Lucas Pipes: Very clear to me. I appreciate that detail. And this would also include all the quality concerns that Roy mentioned in response to one of the earlier questions.
William Oplinger: It does. That’s an inclusive number that includes the loss of tons, but also it’s more expensive to make the tons that we will be making. As we push through lower-quality bauxite through the refineries, we will have higher usages of caustic and other input costs. So, that’s inclusive of those two items, tons and costs.
Lucas Pipes: Very helpful. I appreciate that. And then switching quickly to San Ciprián, could you run us through a punch list for that restart? I know you spent some time on that theme today, but would appreciate what is necessary there. And if this punch list is not completed by the end of this year, what happens? Do you go ahead with whatever the spot price power is at that time or are there other remediation possibilities? Thank you very much for that color.
Roy Harvey: Yes. Lucas, let me try and answer that, and then if I am not hitting the targets, let me know. So, what we have are a series of commitments that we made that essentially allowed us to idle the facility a little bit more than a year ago. There were a certain number of capital investments, and some of those take longer than others, as you can imagine, and they are meant to set up the facility for the long-term. And so those are ongoing. And also, what we need to do is make sure that it’s ready to restart when we get to January 1, 2024, which was a very specific commitment that’s inside of the agreement. Our workforce is there ready and waiting. And in fact, we have been trying to help with certain trainings and things like that.
But in the end, there is only a certain number of activities that they can do. They have helped with some maintenance and things like that, but they are ready and waiting and ready to jump in to start that restart. So, really, we just need to make sure that we have all of the raw materials necessary, so as 2023 progresses, we will be able to make sure that we have got the coke and pitch or anodes in place so that when we start to spark those pots and bring production back online again, it will be ready to go. From an energy perspective, it’s a matter of, we have got the 75% worth of contracts that are already in place. Those are wind farms still to be constructed. So, those are going through the permitting phases, which connects with both the national and regional governments.

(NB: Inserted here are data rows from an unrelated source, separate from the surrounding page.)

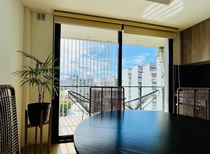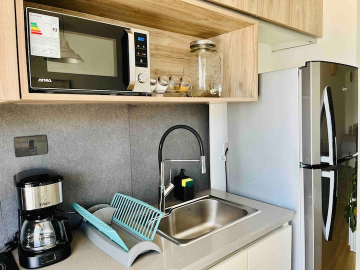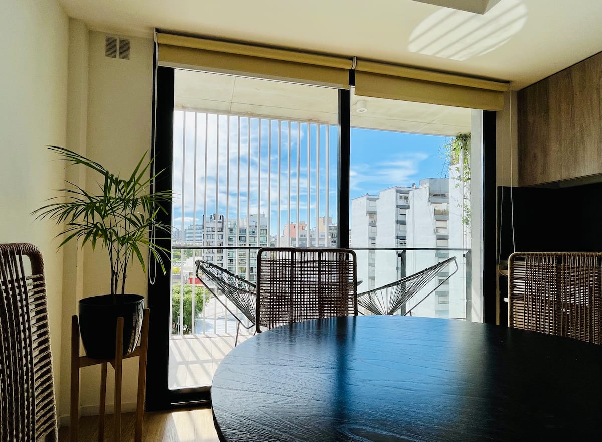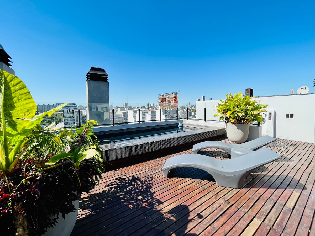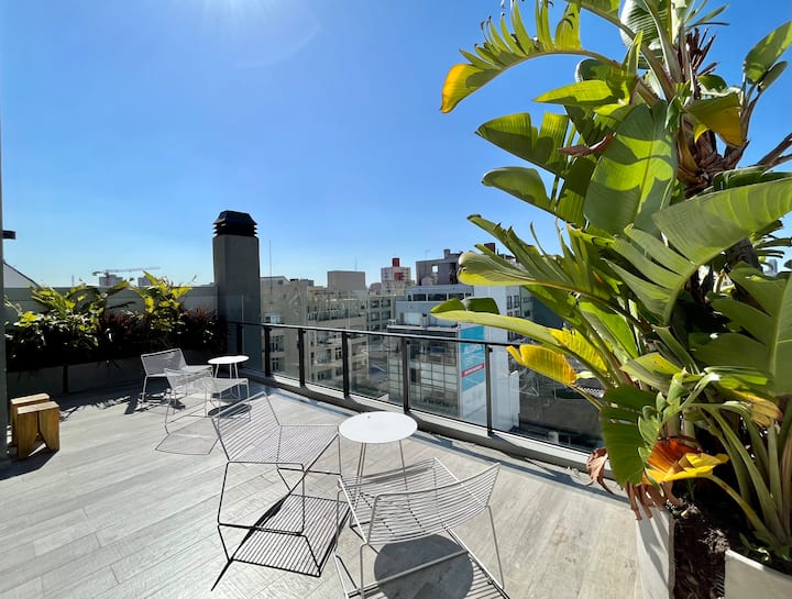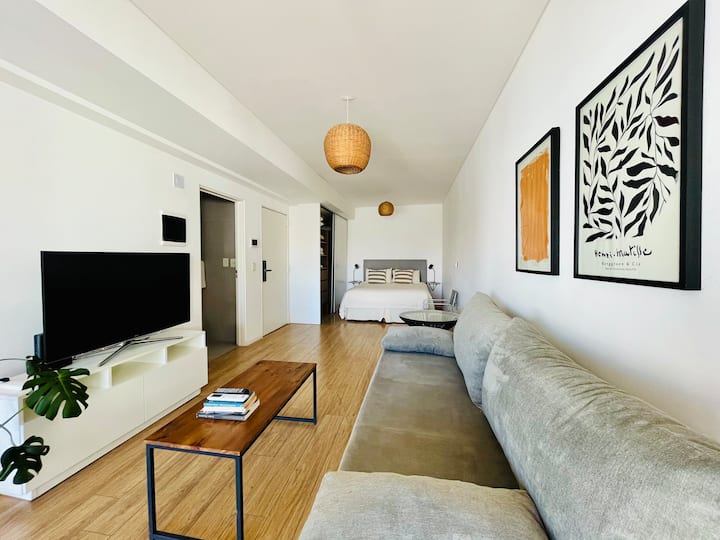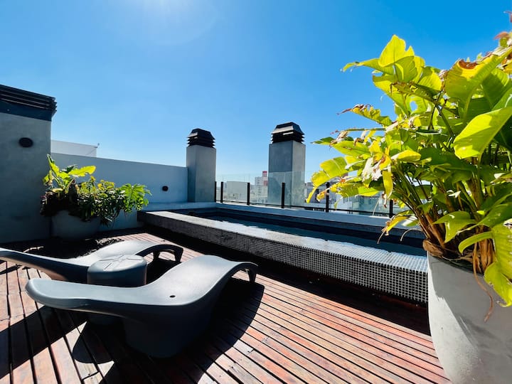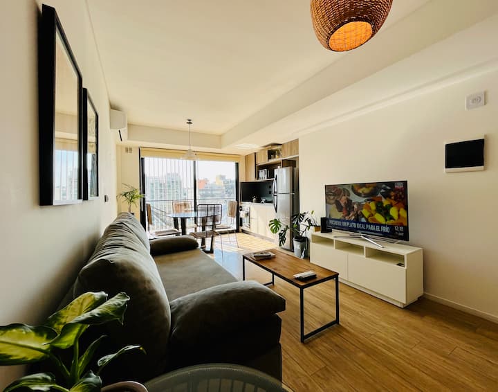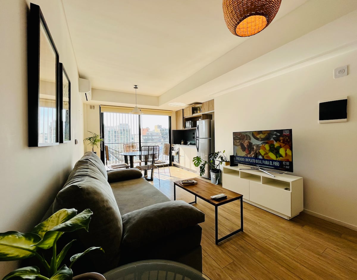 Departamento estudio de 1 ambiente en el 7° piso, al frente, con balcón. Cocina totalmente equipada, baño completo con bañadera, cama extra queen La Cardeuse, TV por cable y WiFi, y sofá cama con cama carrito (capacidad hasta 4 personas). El edificio ofrece solarium y pileta en la terraza, SUM con parrilla y gimnasio con reserva de turno, además de laundry con lavarropas y secarropas; el ingreso está monitoreado 24 hs.
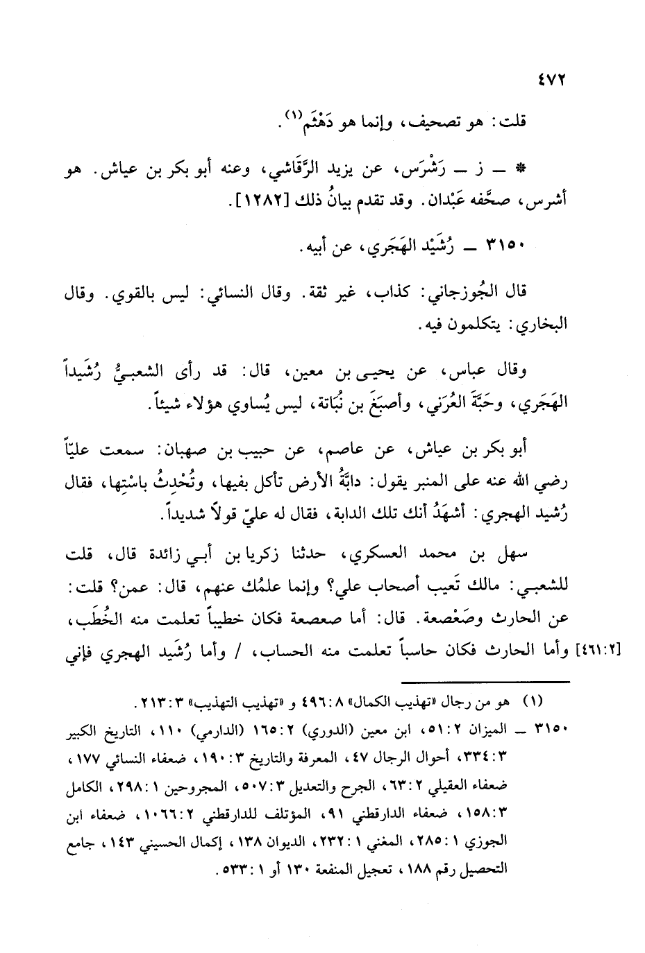 سهل بن محمد العسكري , حَدَّثَنَا زكريا بن أبي زائدة قال: قلت: للشعبي مالك تعيب أصحاب علي وإنما علمك عنهم قال: عمن؟ قلت: عن الحارث وصعصعة قال: أما صعصعة فكان خطيبا تعلمت منه الخطب وأما الحارث فكان حاسبا تعلمت منه الحساب وأما رشيد الهجري فإني أخبركم عنه أني قال لي رجل: اذهب بنا إليه فذهبنا فلما رآني قال للرجل هكذا وعقد ثلاثين يقول كأنه منا. -[473]-
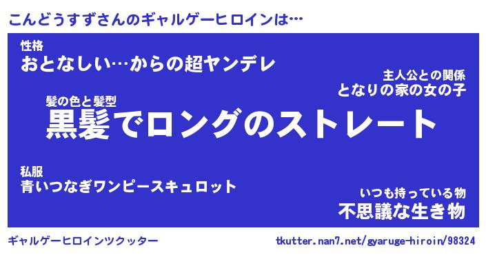 | 女子向けラノベタイトル風あだ名 | 『(仮)こんどうすずのやんごとなき事情』 |
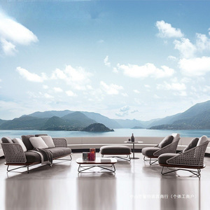 户外沙发菠萝格实木休闲藤椅茶桌组合防水酒店露阳台别墅庭院家具
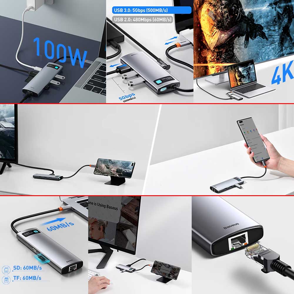 Shop online in Bangladesh, buy Baseus 8 in 1 Type-C Hub Adapter from Cellsii.com at best price. The Baseus 8 in 1 Starjoy 8 Port Type-C Hub Adapter is a versatile and multifunctional device designed to expand the connectivity options of your Type-C enabled devices, such as laptops, tablets, and smartphones.

There will then be a construction phase. As you can imagine, the construction of wind farms in Northwestern Spain is something that’s happened often in the past, but it takes some time to be able to bring those up to speed. And so we will need to find a solution for the piece of the for the remaining 25% plus the piece of the 75% that will not be ready when we get ready to restart those pots. And whether we run that on spot, whether we find a shorter term contract, how we manage that is still not something that we have disclosed or have made a decision on. But as you can imagine, because we have that agreement with the workforce, we will be ready when the time comes and we will be working on that over the course of these next months.
Lucas Pipes: Right. That is very helpful. That’s exactly what I was looking for, so I appreciate that, and to you and the team, continued best of luck.
Roy Harvey: Thanks Lucas.
Operator: The next question is from Michael Dudas with Vertical Research. Please go ahead.
Michael Dudas: Good evening everyone and well done, Bill.
William Oplinger: Thanks Michael.
Michael Dudas: Roy, could you share with us your observations of what your major customers are behaving like right now as we went into 2023? Is there expectation that the recovery from the pandemic restrictions in China and such and stimulus is going to be a pretty major factor? Is it going to be sooner rather than later, given what your customers are thinking?